Liz: So it's kind of the golden thread model except for, you're doing it instead of on the monolith first you're doing it on kind of people's Cron jobs and other kinds of daemons that they can then cut, paste that code into other places.
Andy: Yeah. And I guess when people start seeing it then it starts coming from the top down as well.
Andy: So you just need to demonstrate some value because people don't want to waste their time on things that don't provide value.
And so you just need to show that there's a bit.
Charity: Yeah, and it's a hard pitch, right?
If you're like, "So in the short term we're going to redirect, you know a bunch of your engineering cycles away from product development and onto something, it sounds like gobbledy-gook to you."
"But, you know, we promise it'll make it better but in the short term it's going to make us perhaps less reliable and slower. And at some point in the future it'll totally make us better for reasons that you probably don't understand."
Because the idea of pushing immediately to prod sounds terrifying to most business people they're like, "But don't, we care about stability and security and don't we want human eyes...?"
One of our very human default beliefs is that the slower we go, the more safer it will be. And the more we get our human eyes on something the better it will be. Both of which are the opposite of, software physics is exactly the opposite of our intuition here.
Software physics says that it should be like a heartbeat, absolutely unremarkable, consistent, small and constant and fast.
And that's how it becomes safe. And that the more you slow down to put human eyes on it adds actually almost no value.
It decreases value.
Andy: It's the queuing thing. It's the handoff between departments.
Even if you're a QA person, for example I have a realistic story of this because we had a QA person join our team and their first reaction was, "Oh my God, you guys are terrifying. You're deploying to production how often?
My previous team was like once every two weeks and you're doing five times a day?" And we were we actually don't know.
Charity: We don't know, because it's constant. Why should we count? (laughs)
Andy: And then after a week or so, they're like, "But you have so many less errors. This is weird. I thought you guys were fast and out of control but you're fast and with control."
So they've let them have more time to look at things like exploratory testing.
Liz: Hmm. Is it really fewer errors or is it just lower magnitude errors?
Andy: I'd say in this case it was actually fewer errors.
Charity: I think it's fewer errors, I do, because I think that those big bang releases, they hide so much bullshit, you know?
Andy: Oh yes.
Charity: it turns out that you actually don't ever have enough time to look under the hood or to lift up the rock. You know?

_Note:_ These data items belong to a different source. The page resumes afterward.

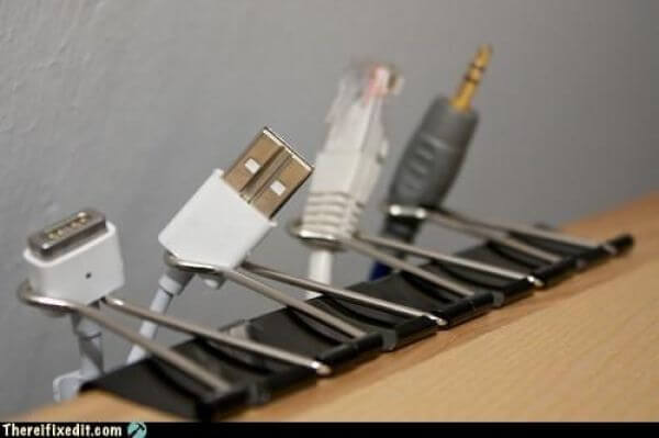 I do this one myself: a great way to keep those cords available, rather than tangled behind the computer.
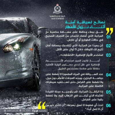 وكانت النصائح لسياقة آمنة أثناء نزول الأمطار كالأتي:
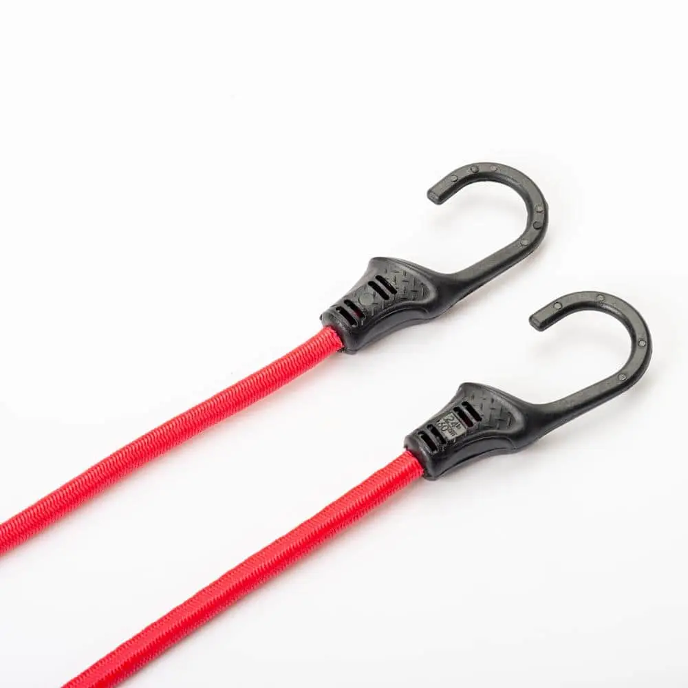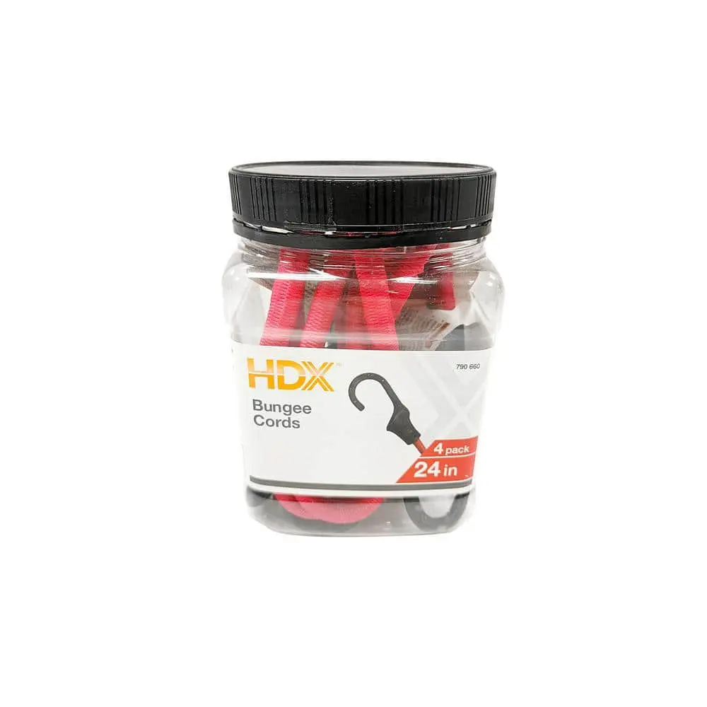 The HDX 24 in. Super Strong Bungee Cord (4-Pack) offers reliable fastening for a variety of uses. Each cord is made from strong, durable elastic with reinforced hooks, providing secure support for medium to heavy items. Designed to be weather-resistant, these bungee cords can withstand UV rays and harsh conditions, making them perfect for outdoor, storage, and transportation needs. The 24-inch length provides flexibility, while the 4 cords per pack offer added convenience for multiple tasks
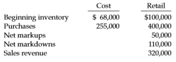 Cost Retail $ 68,000 255,000 Beginning inventory Purchases Net markups Net markdowns $100,000 400,000 50,000 110,000 Sales revenue 320,000
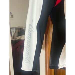 Cycling jacket in very good condition. The red color slightly is bleeding through the white at the collar. See pictures. No other flaws.
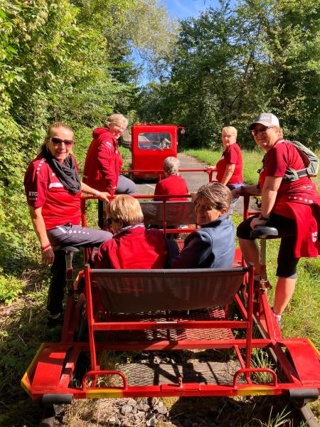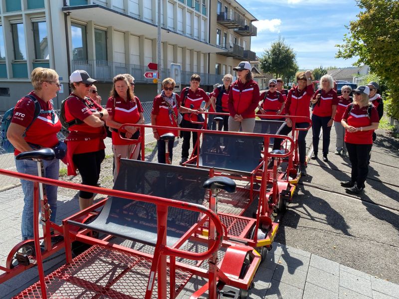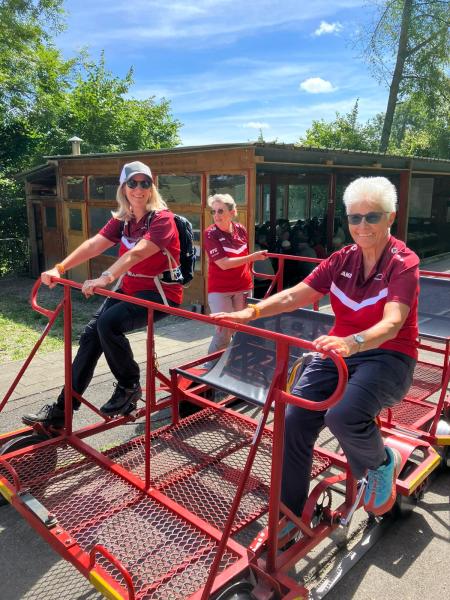 Dort erwarteten uns- natürlich auch in Rot – mehrere Schienenvelos. Nach einer kurzen Instruktion fuhren wir mit ihnen 4,5 km nach Witteberg. Dabei machte sich das wöchentliche Training positiv bemerkbar. Das anschliessende Mittagessen und später das Dessert fand bei allen grossen Anklang. Nach einer kurzen Wartezeit- einige verbrachten sie auf der Schaukel des Spielplatzes, die anderen nutzten sie zu einem Spaziergang- ging es mit den Velos zurück nach Laupen. Warum erschien uns die Rückfahrt länger? Lag dies am herrlichen Sonnenschein, am feinen Essen oder am Wein?
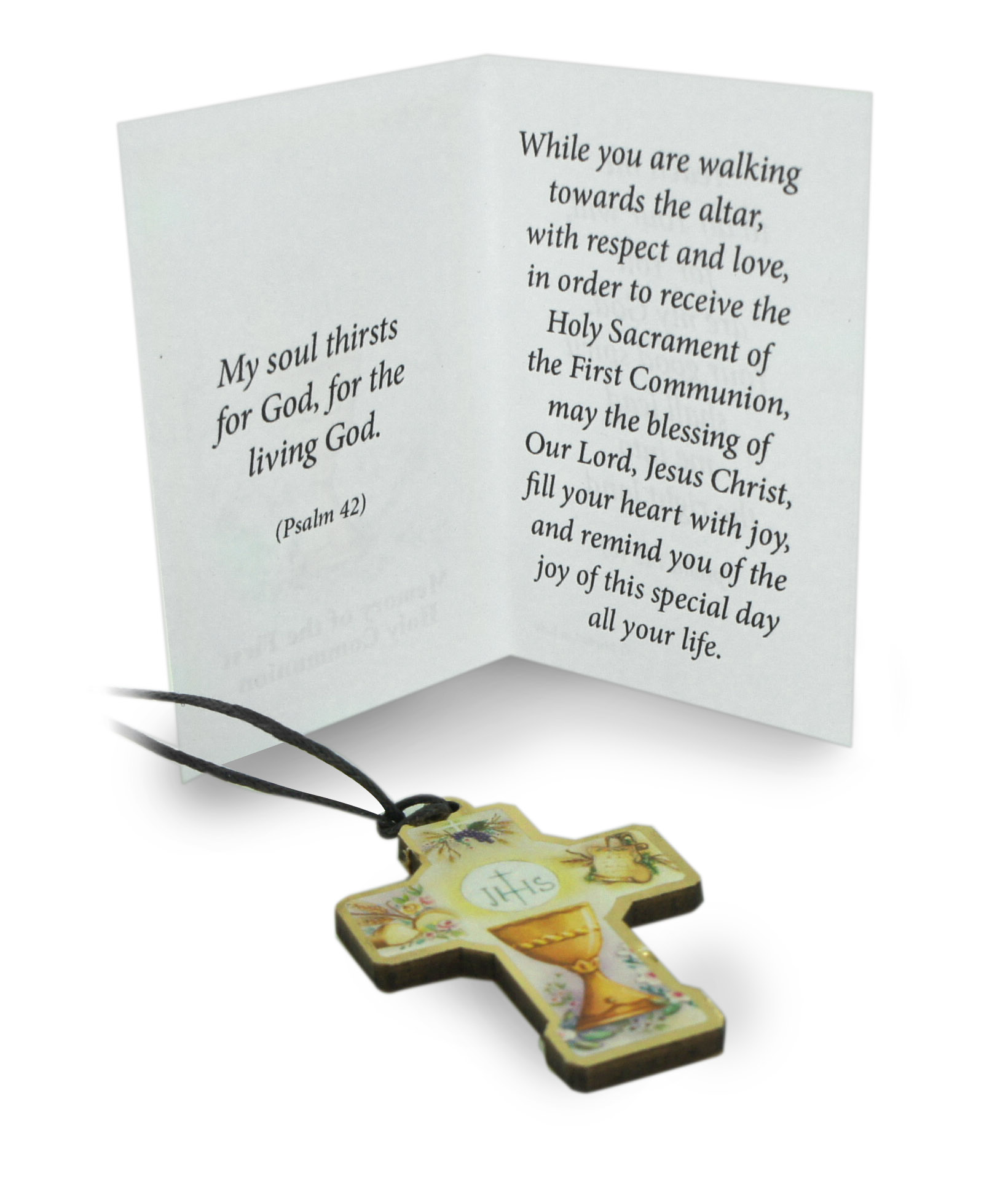 Croce in legno mdf raffigurante i simboli della Prima Comunione con cartoncino che ricorda questo sacramento.
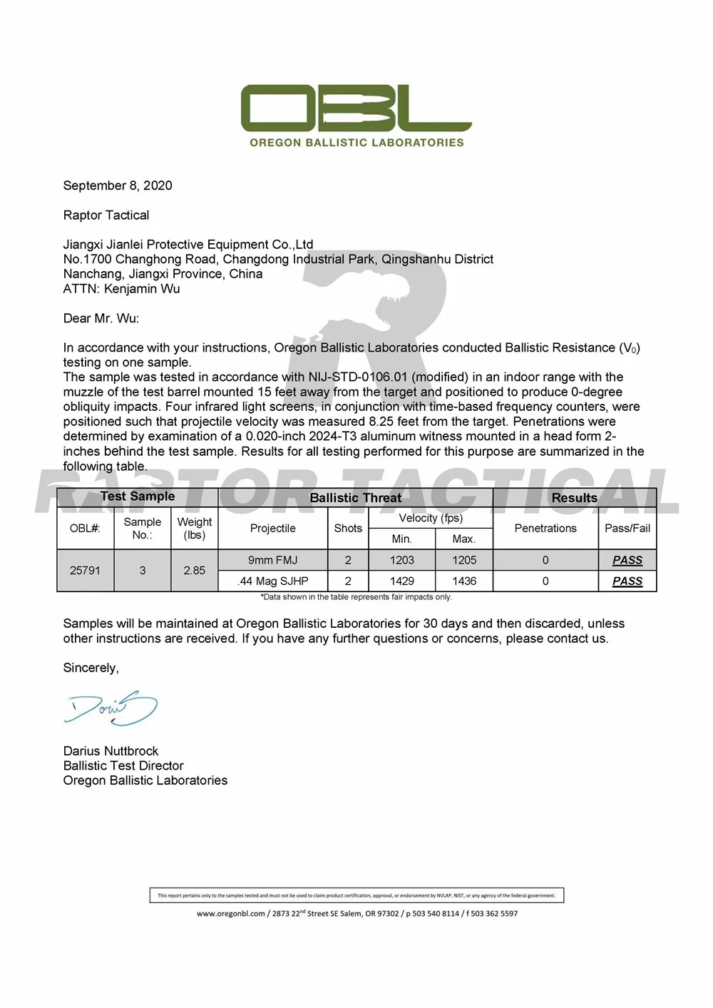 NIJ IIIA 0106,01 совместимый, протестирован вДушильная баллистическая лаборатория, США

Andy: Yeah. My first company that I worked at had a six monthly release cycle.
And this was an internal software development team in a company making a desktop software application.
Andy: And our manager left for no related reason.
And a few of us there started deploying more often because we're like, "Oh, I finished this thing. Why should I wait?"
Which was in retrospect, a really, really silly thing to do because we had zero unit testing, zero testing of any sort actually.
We didn't have a test person either. So yeah, we had to test in which, it seems to work, push it out.
But after the first few times it got to the point where biweekly or however often we were doing it was still not quick enough.
And we are this is actually less painful than those four weeks of hell after we've deployed something and everything is on fire for four weeks.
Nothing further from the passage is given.